While we keep on reiterating the importance of stay at home moms and the need to respect a woman’s decision if she wants to be one, there is rarely any conversation around what their lives are like. Pakistani society emphasizes again and again that a woman needs to stay home post marriage because that is how our culture has evolved and internalized that a man needs to be the breadwinner of the family.
But at the same time, a stay at home mom’s life is rarely understood beyond the fact that these women have nothing to do the entire day, so whatever workload you put on them, they must comply because they are not doing much during the entire day anyway.
What people do not understand is that in order to push people to understand the women who choose to be stay-at-home moms, it is important that we understand their lives and the emotions that they go through
It does shock people that despite glorifying women who stay at home, no one really understands how life is like for them. Everyone just assumes how easy their life must be and how they must get a lot of time to rest because they are not working.
We got in touch with women who are stay-at-home moms and decided to ask them the most difficult thing about their decision of staying at home. The answers are varied and open up several new discussions about these moms and about our understanding of their lives.
The most common misconception about them is that they just sit at home and waste time
Aneela Hamid is a mother of two and her entire day is spent working non-stop for her children and her husband.
“It is so difficult to convince people that I am working round the clock and there is no break. People just expect me to work and also be very good at it. I cannot ask for breaks, I cannot say no when I am tired and I cannot even talk about not wanting to carry on this thankless routine forever.”
Imagine having to convince people 24/7 that your life is not a waste and you are spending your time actually working. This is your entire life and there is no way around it. You have to keep on explaining yourself to people who will never experience being in your shoes but still have opinions about it.
Many also assume that since you decide to be a stay-at-home mom, you must be very orthodox and must have been forced into making that decision
While there is no denying that in a society like Pakistan, many women have this decision taken for him but there are many who choose this life out of their own accord and no one can label it as backward or orthodox because no one has the right to. This means having to prove your intellect in a society that already considers women sub-human and emotionally weak to get their decisions right.
Shaista Khan decided to be a stay-at-home mom. She was working till five months into her pregnancy but decided that she wanted to stop working and stay at home for the baby.
“I made the decision to stay at home purely because I wanted to. I decided that I want to be there for the kid for the first couple of years and then get back to work.
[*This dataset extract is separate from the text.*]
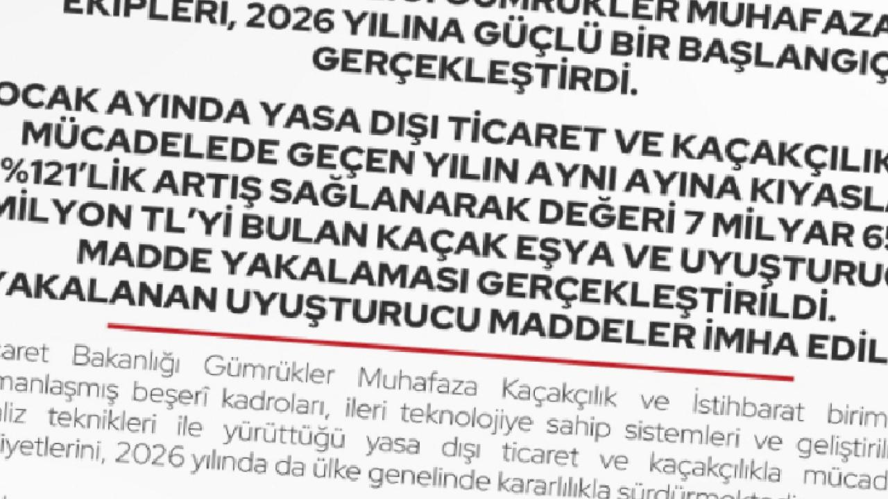 Bakanlıktan yapılan yazılı açıklamaya göre, Ocak ayında gerçekleştirilen operasyonlarda yakalanan kaçak eşya ve uyuşturucu madde değeri 7 milyar 655 milyon TL’ye ulaştı. Bu rakam, 2025’in Ocak ayına göre yüzde 121’lik artışı temsil ederken, ele geçirilen tüm uyuşturucu maddeler imha edildi.

I do not think that there is anything wrong with that but people around me seem to believe that I no longer the empowered woman that I used to be.”
We might not realize it but stay-at-home moms tend to also get very lonely
Farah Saeed has a toddler who has recently started school and she talks about how lonely the entire experience is.
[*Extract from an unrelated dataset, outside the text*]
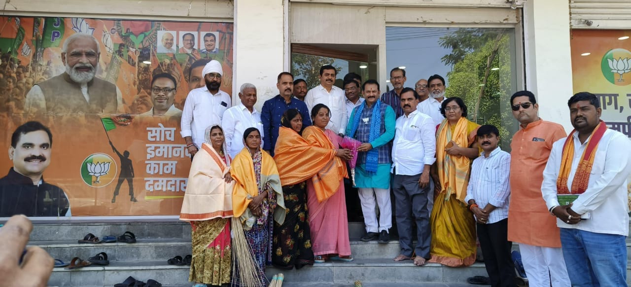 जागतिक महिला दिनानिमित्त भाजपा जिल्हा अध्यक्ष डॉ . संतुकराव हंबर्डे यांच्या वतीने सफाई कामगारांचा सत्कार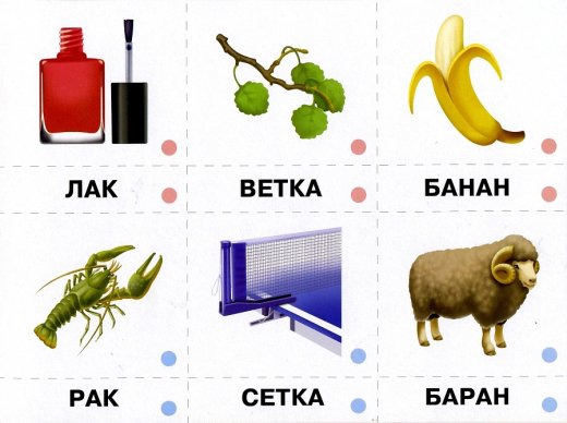 1)Раздайте детям карточки с картинками, отмеченными красными точками, поровну. Дети должны подобрать к ним сначала слова, а затем карточки ч картинками, помеченными синими точками так, чтобы названия отличались только одной буквой. Дети должны рас казать какими буквами отличаются слова. Выигрывает тот кто соберет свои карточки быстрее других и правильно расскажет, чем отличаются слова.

“We are raised in a manner that does not promote female friendships and hence we get very lonely. Husbands do not generally have the time to listen to our experience of being at home because they have worldly matters to think about – this pushes us into depression and with the lack of mental help available, it is very tough to keep yourself stable. There have been so many times that I have been extremely lonely and just wanted someone to listen to me but no one has the time to listen to just another woman talking about things that women have gone through for ages.”
Many also witness a loss of identity with this new journey
Nazia Khan is in her 50s now. She has spent most of her life being a stay at home mom and that has become her only identity.
“No one cares about your likes and dislikes beyond your children and your husband. You have to start completely new and adapt to this new personality which is just about the family. And this is primarily because no one cares or bothers what you do otherwise.”
Financial dependence is a matter of grave concern
Sadia Hassan worked before she got married but had to give up her job because of the societal concerns and concerns of her in-laws too.
“We, as women, learn this from our own households. A lot of the decision-making powers lie in the hands of the male because they earn. This means never having the space to decide what to spend on and what not to spend on and waiting for a male to hand you money for your own needs. This is one of the most difficult tasks to put up with. Financial independence in a system like ours provides you space to breathe but the lack of it can be very suffocating.”
Everyone takes a stay-at-home mom for granted. There is no space for their emotions or their needs
They need to adapt and they need to adapt fast. Everyone around them will have expectations of how they should be and what they should provide them but no one will understand how tough that life is. No one will offer help and you are expected to not take any time off.
Maheen Shahrukh says that she has three kids and despite managing all the housework, she has to put up with people taking her for granted.
“No one seems to realize the amount of effort that goes into keeping a house running. They think that we keep on sitting idle and the house runs on its own.”
The irony is that women who have been through this process make it even more difficult because they make everyone around believe that since they made it through, no other woman should ever complain and put up with all that is thrown their way.